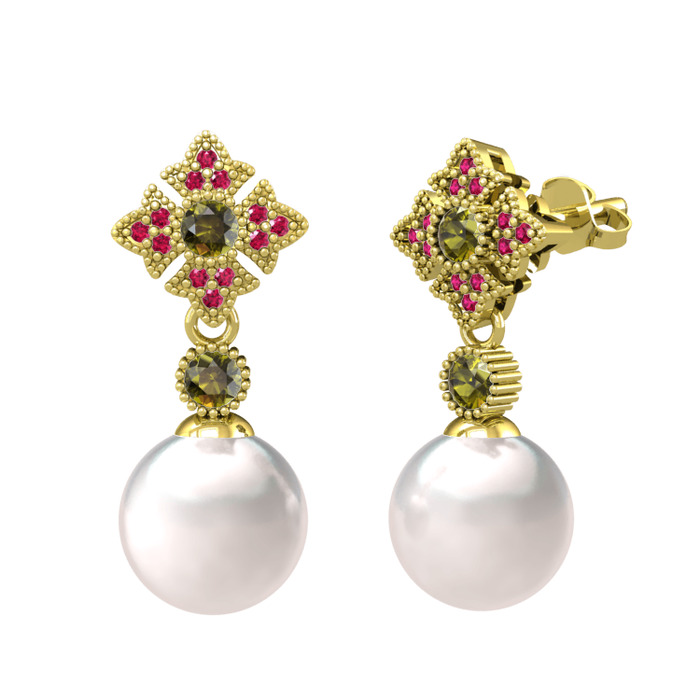 Inci, peridot ve rodolit garnet 8 ayar altın küpe
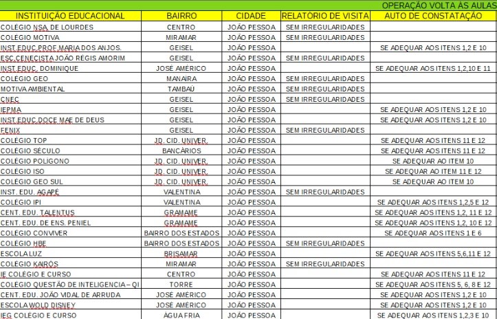 Confira na tabela abaixo o relatório divulgado pela equipe de fiscalização do Procon-PB em que mostra todas as escolas que foram fiscalizadas com as respectivas notificações elencadas em itens que podem ser consultados aqui.
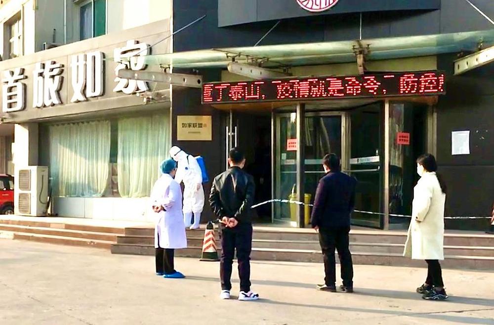 Na donjim fotografijama ispred hotela „Paibaiyun“ vidi se policijski automobil koji je dežurao 24 sata, a povremeno su viđeni ljudi kako dezinficiraju ulaz u hotel.

§ **TO DO**
Only the lines from the one containing "Confira na tabela" through the last line of the material are to be restated word for word; no picture is to be included.

§ **OUTPUT OF THE TASK**
 Confira na tabela abaixo o relatório divulgado pela equipe de fiscalização do Procon-PB em que mostra todas as escolas que foram fiscalizadas com as respectivas notificações elencadas em itens que podem ser consultados aqui.
 Na donjim fotografijama ispred hotela „Paibaiyun“ vidi se policijski automobil koji je dežurao 24 sata, a povremeno su viđeni ljudi kako dezinficiraju ulaz u hotel.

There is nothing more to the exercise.